**DATA BLOCK:**
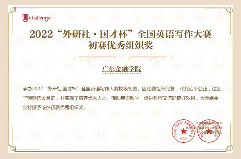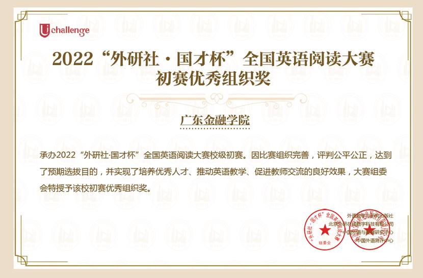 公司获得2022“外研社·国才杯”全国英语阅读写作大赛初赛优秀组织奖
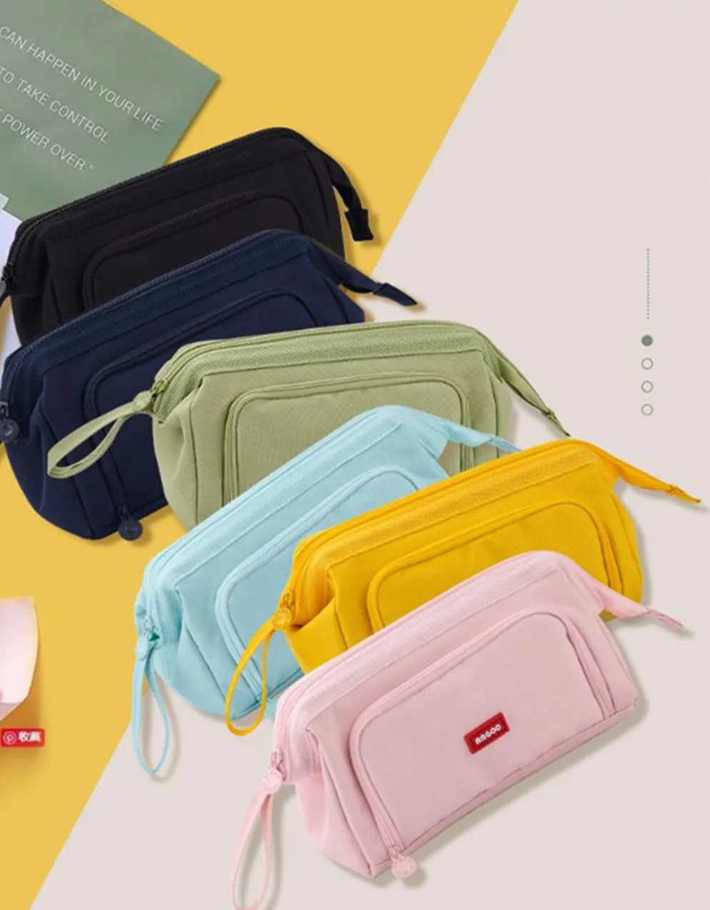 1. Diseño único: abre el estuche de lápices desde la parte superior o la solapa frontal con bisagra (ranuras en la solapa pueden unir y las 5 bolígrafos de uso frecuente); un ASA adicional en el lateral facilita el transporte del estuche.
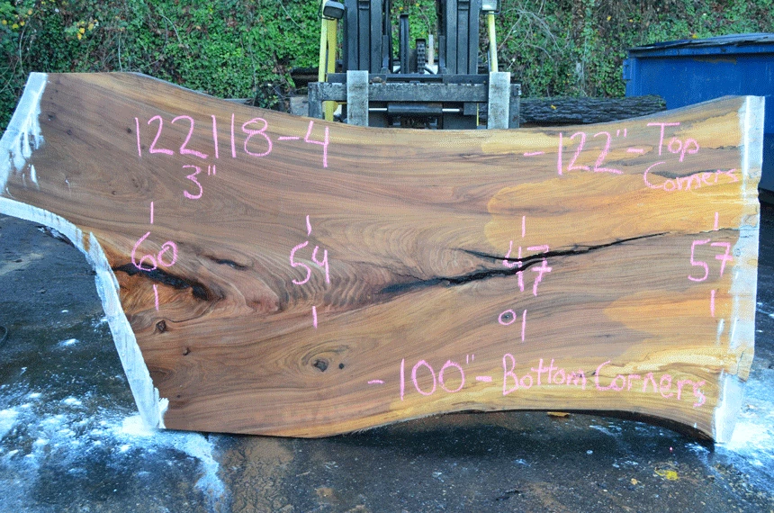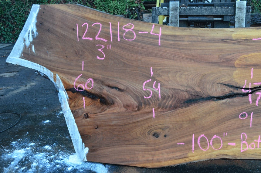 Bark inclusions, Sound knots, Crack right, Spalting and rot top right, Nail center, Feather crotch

**WORK ITEM:** Extract the full listing above verbatim; pictures are to be left out of the copy.

**ANSWER:**
 公司获得2022“外研社·国才杯”全国英语阅读写作大赛初赛优秀组织奖
 1. Diseño único: abre el estuche de lápices desde la parte superior o la solapa frontal con bisagra (ranuras en la solapa pueden unir y las 5 bolígrafos de uso frecuente); un ASA adicional en el lateral facilita el transporte del estuche.
 Bark inclusions, Sound knots, Crack right, Spalting and rot top right, Nail center, Feather crotch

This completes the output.